Looking back, I am amazed at how much I learned from this activity. I was able to help students understand how to take it one step at a time, one success at a time, before moving on to the next task, and the intense satisfaction I felt when each student graduated to become a skydiver who was competent and filled with the joy of accomplishment. Each time a situation came up that was new to me (and students managed to surprise me throughout the years), I would discuss it with my fellow jumpmasters to learn the best way forward.
Every weekend I looked forward to working at the Drop Zone as an instructor, making between four and ten skydives with students in two days. I also earned money, as I not only had my jump paid for, but I also earned $25 to $30 for each skydive with a student. I used this money to take skydiving vacations or to buy the newest parachute gear. One year I made more than $5,000 skydiving and made more than 200 student jumps. It amazes me from this vantage point to remember how much I enjoyed all that. I could not imagine continuing to skydive without continuing to teach.

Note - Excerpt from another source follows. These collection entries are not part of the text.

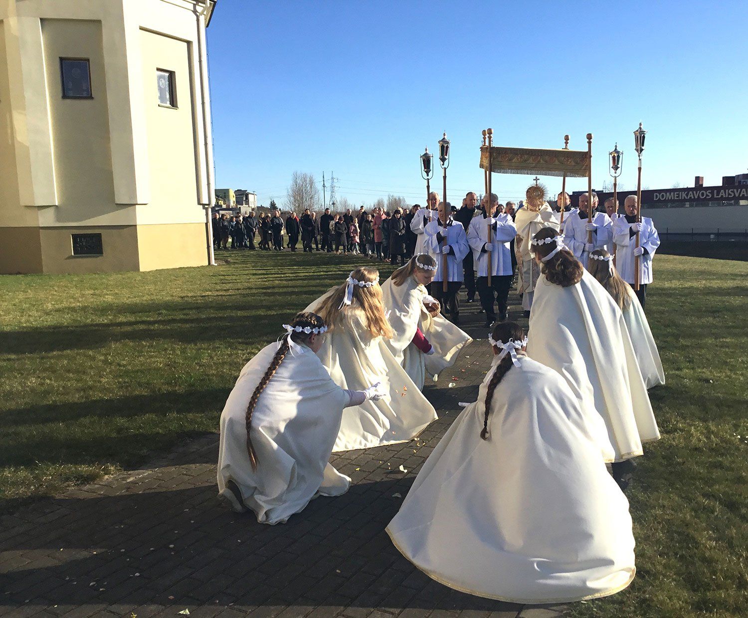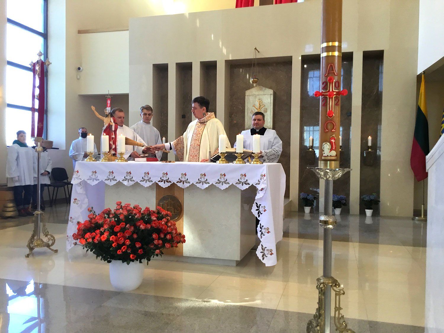 padėkojo už nuoširdžią tarnystę parapijos tarnautojams, klierikui Mantui Šideikiui ir parapijos savanoriams. Dvasininkas visiems palinkėjo būti vilties ir džiaugsmo žmonėmis - skelti aplinkiniams žinią, kad „Kristus prisikėlė, iš tikrųjų prisikėlė!”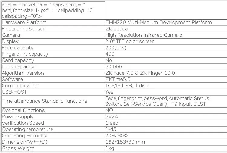 FA200 мульти-Биометрическая идентификация посещаемости времени и контроля доступа принимает zk программного обеспечения последней платформы ZEM220 с zk лицом 7,0 алгоритм и 200 пользователей памяти емкости. Первое устройство zk face с клавиатурой. Мультибиометрический метод идентификации лица, отпечатков пальцев и паролей будет применяться более широко. Все операции UF серьезные созданы для того, чтобы быть выполнена на 2,8 дюймов TFT экран. Мультимодельные коммуникации включают TCP/IP USB, функция SSR позволяет u-диску загружать отчет о посещаемости напрямую.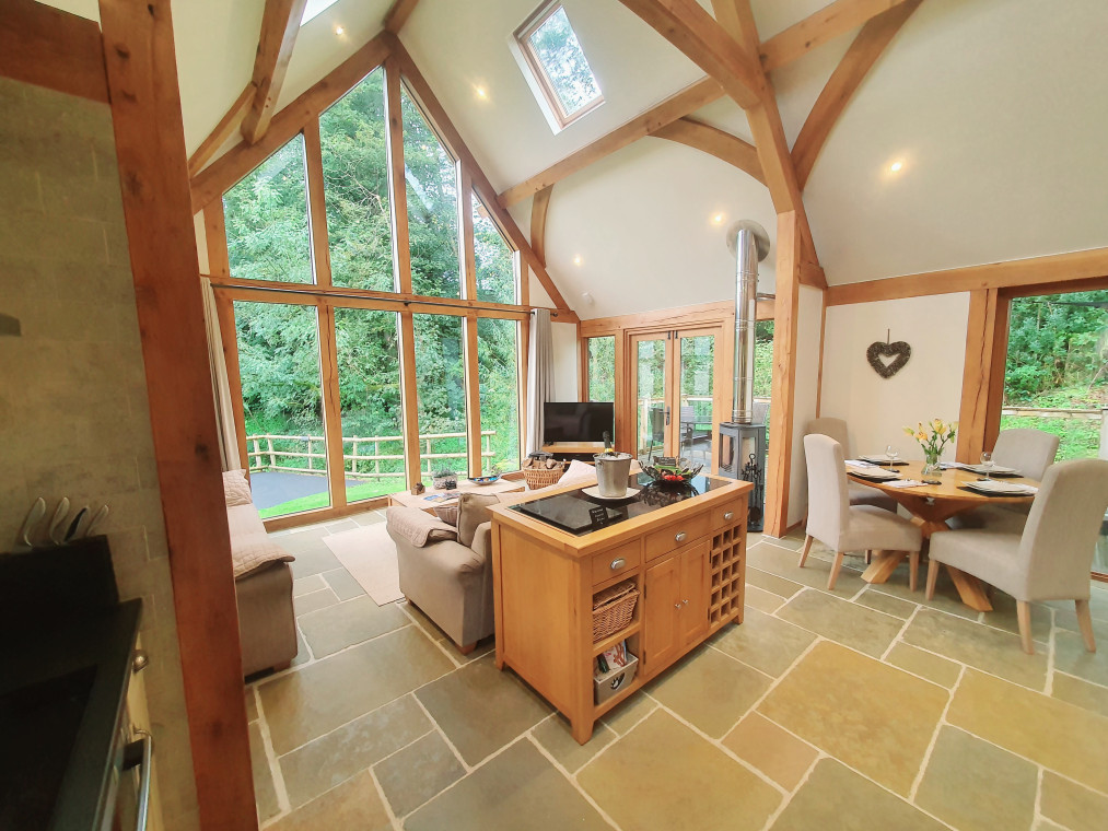 Read MoreStunning eco lodge in the heart of The Brecon Beacons, sleeping four guests in two bedrooms. Ground Floor: Open plan living space. Living area: Smart TV, Freesat, Bluetooth Speaker, Bluray Player, Xbox One, Woodburner Dining area. Kitchen area: Electric Oven, Induction Hob, Microwave, Fridge, Dishwasher, Coffee Machine Utility Room: Freezer, Washing Machine Bedroom 1: Zip And Link Super Kingsize (6ft) Bed Bathroom: Bath, Walk-In Shower, Heated Towel Rail, Toilet First Floor: Bedroom 2: Kingsize (5ft) Bed, Smart TV Electric underfloor heating, electricity, bed linen, towels, superfast Wi-Fi and logs for wood burner included. Travel cot and highchair available on request. Welcome pack and doggy extras. Rear garden with patio, decked area area, BBQ and garden furniture. Hot tub for 4 (private). Bike store. Electric car charging point. Private parking for 2 cars. No smoking. Please note: The property borders a stream. Swn Y Nant is a stunning lodge in the heart of the Brecon Beacons. This eco-friendly property is perfect for those wanting to explore the area or to simply have a romantic break away from the hustle and bustle of daily life. Nestled next to a stream and with a ramp to the entrance, this fabulous lodge comprises a ground floor bedroom with a super kingsize zip and link bed and a ground floor bathroom with a walk-in shower, a double-ended two-person bath and a heated towel rail. The open plan living, dining and kitchen space has floor-to-ceiling windows making it light and airy and has a Smart TV, super fast Wi-Fi up 150 mbps download and patio doors leading to the decked area with a private hot tub. There is also a small utility area. To the first floor is a kingsize bedroom with Smart TV. There is underfloor heating throughout the property with zoned thermostatic controls. Outside, you will find hot and cold taps, perfect for washing your four-legged friends off after a walk in the hills. This eco-friendly lodge has eco cleaning products which are supplied along with a welcome basket of local produce, as well as a welcome basket for your dog containing treats and eco waste bags, also supplied is a bed, a blanket and a towel for your four-legged friend. A medium sized dog cage is available upon request. There are plenty of walks to be had from the property; it is 6 miles to the historic town of Brecon with its array of coffee shops, small local independent shops, and art galleries. There is something here for everyone, and for those looking for more adventures then why not climb the high peaks of Pen Y Fan and take in the breathtaking views of the rolling countryside? bath robes and slippers,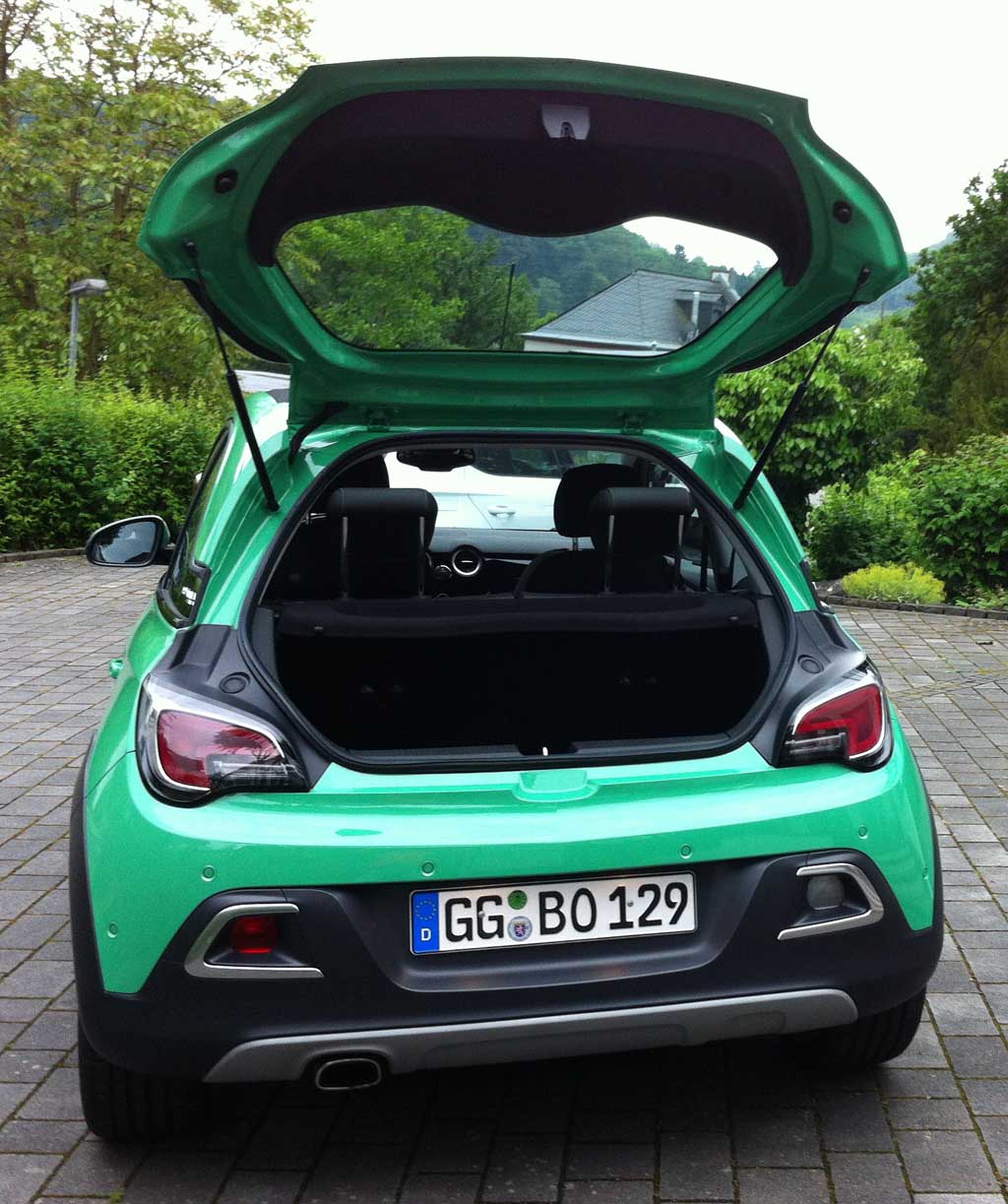 Als Rocks ist der Adam seit 2014 auf dem Markt, kommt auf 3,74 Metern Länge solide verarbeitet daher, mutet für sein Segment ziemlich wertig an. Platz ist bei 2,31 Metern Radstand vorn noch ganz ordentlich vorhanden. Im Fond des zweitürigen Viersitzers geht es dagegen deutlich beengter zu. Das kleine Gepäckabteil hinter der doch recht hohen Ladekante fasst 170 bis dachhoch 663 Liter, wenn die Rücksitzlehne vorgeklappt ist. Die Sicht nach hinten ist etwas eingeschränkt. Die Bedienung fällt leicht. Achtung in engen Parklücken und Garagen wegen der beiden großen Türen!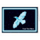 En enkel, glödande, blå och vit linjebild av en Raven (Corvus corax) på en stjärnbakgrundsbild. Lägg till din egen text.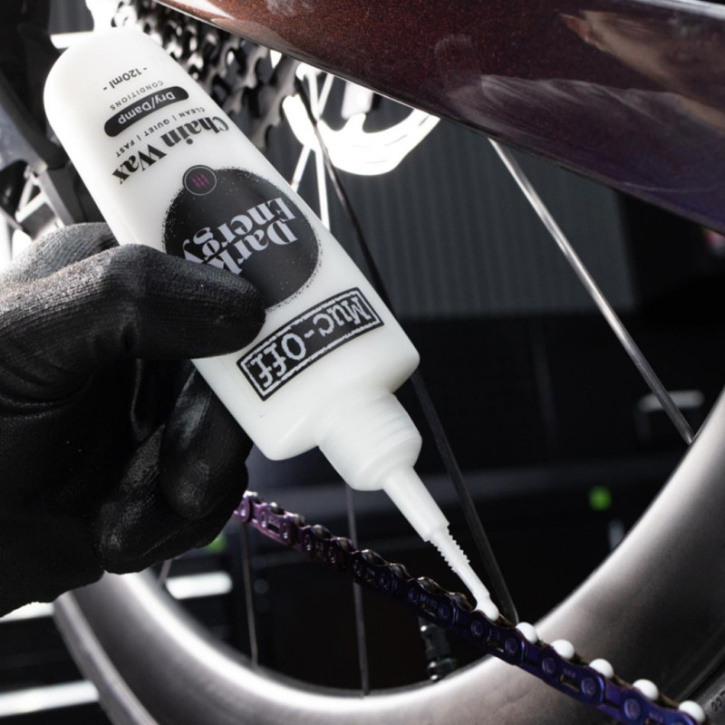 Mit mehr als einem Jahrzehnt an Innovation hat die Marke Muc-Off ihre Formeln verfeinert und perfektioniert, um noch mehr kleine Leistungssteigerungen herauszuholen. Mit seinem Dark Matter Wax in der 50-ml-Version verspricht Muc-Off, die Zukunft der Kettenschmierung zu revolutionieren und Ihren Antrieb in eine neue Dimension zu katapultieren. Getestet in über 1.000 Stunden im Labor und auf Zehntausenden von Kilometern unter realen Bedingungen (unter anderem mit Profiteams wie EF Education), revolutioniert diese tropffreie Formel die Kettenschmierung. Mit einem extrem niedrigen Reibungskoeffizienten von 0,098 und minimalem Verschleiß (20 × 10?³ µm³) bietet es eine reibungslose Kraftübertragung, eine beeindruckende Wattersparnis und eine außergewöhnliche Haltbarkeit. Die Formel basiert auf einer Mischung hochraffinierter Wachse, darunter ein biologisch abbaubares Wachs pflanzlichen Ursprungs, und bildet einen trockenen, langanhaltenden Schutzfilm, der Schmutz, Staub und Feuchtigkeit aktiv abweist. Ihr Antrieb bleibt länger sauber, leise und schnell, bei minimalem Wartungsaufwand. Ob im Rennen oder im Training – dieses Muc-Off Dark Matter Wax 50 ml garantiert lang anhaltenden Schutz. Die Wachsbeschichtung reduziert die Reibung drastisch und verlängert so die Lebensdauer Ihrer Kette, Kassette und Kettenblätter. Dieses Muc-Off Dark Matter Wax 50 ml ist daher eine lohnende Investition für alle anspruchsvollen Radfahrer. Anwendungstipps: Muc-Off empfiehlt, die Flasche vor Gebrauch gut zu schütteln. Außerdem muss der Antrieb (Kette, Kassette, Kettenblätter, Kettenräder) gründlich gereinigt und vor dem Auftragen vollständig getrocknet werden. Tragen Sie einen Tropfen Wachs auf jedes Kettenglied auf, beginnend mit dem Schnellverschluss. Es wird empfohlen, zwei vollständige Umdrehungen der Kette zu wiederholen. Schalten Sie anschließend langsam durch die Gänge und bestreichen Sie dabei jedes Ritzel der Kassette. Lassen Sie das Wachs vor der Nutzung mindestens 12 Stunden trocknen (oder 24 Stunden bei kühlem Wetter). Sobald das Wachs abgenutzt ist, d. h. wenn die Kette Geräusche macht, wischen Sie sie mit einem Mikrofasertuch ab und tragen Sie das Wachs bei trockenem Wetter auf. Bei feuchtem Wetter ist es sinnvoll, die Kette direkt nach dem Gebrauch zu reinigen und zu schmieren, um eine optimale Leistung zu erzielen. Technische Daten: - Inhalt: 50 ml

But you know, nothing stays the same. In 2000 I experienced a very bad skydiving accident by making a turn close to the ground. I've written plenty about it, but I had taught students over the years not to ever do something like that, and still I did it. Although there were other options, I didn't know what to do and made the wrong choice. I missed six months of skydiving from that accident, and it was awhile before I returned to teaching students. It's one thing to know something is dangerous, but it's still another to experience it in such a dramatic fashion. I like to think that my own accident has helped to prevent others from making the same mistake. Most skydivers don't get hurt or die from the freefall part of the skydive, but because they make poor decisions upon landing. Complacency builds up quickly when you have made thousands of soft landings.
Looking back at those years, I realize how much I have forgotten about those students, about those skydives. Who would have ever believed that something so dramatic, so extreme, could ever become mundane? One day I realized that I was no longer passionate about teaching and that it had become another job, that the spark was gone. Teaching the class on the ground became more enjoyable, because I was good at it and I no longer had to stretch myself to my physical limit wrestling a student around in freefall. Of course, by this time I had long ago passed my sixtieth birthday and was getting ready to retire from my career at the National Center for Atmospheric Research.
There are no requirements for skydiving instructors to retire, but I felt that once I retired from my job, I should also retire from teaching skydiving. It was scary to contemplate at first, but I knew that playing, making formations in the sky with friends, was enjoyable. I spent more and more time doing that, and before I knew it, teaching had faded from my weekend activity. It also helped immensely to move away from Boulder and begin a new part of my life in another part of the country.
I have gone from making as many as 400 skydives in one year to barely making 50. It's been a gradual shift, but in the Pacific Northwest skydiving is a seasonal activity, beginning in May or June and stopping in October as the weather turns cloudy and rainy. So far this season I've been out to the Drop Zone four times and have made 12 skydives. I see the jumpmasters teaching their students, and I realize that those days are long gone. Not one molecule of my being wishes to trade places with those instructors. It's an amazing transition, really.
It makes me realize that the passage of years, the imperceptible movement from one state to the next, happens to all of us from birth to death. Now that I am in the twilight of my life, the light is gentle and oh those sunsets are spectacular. Contentment fills me, although it's Sunday and if the weather had cooperated, I would be driving down to Snohomish to play in the air with my friends. Today I am content to write this post, putter in the garden and read a good book.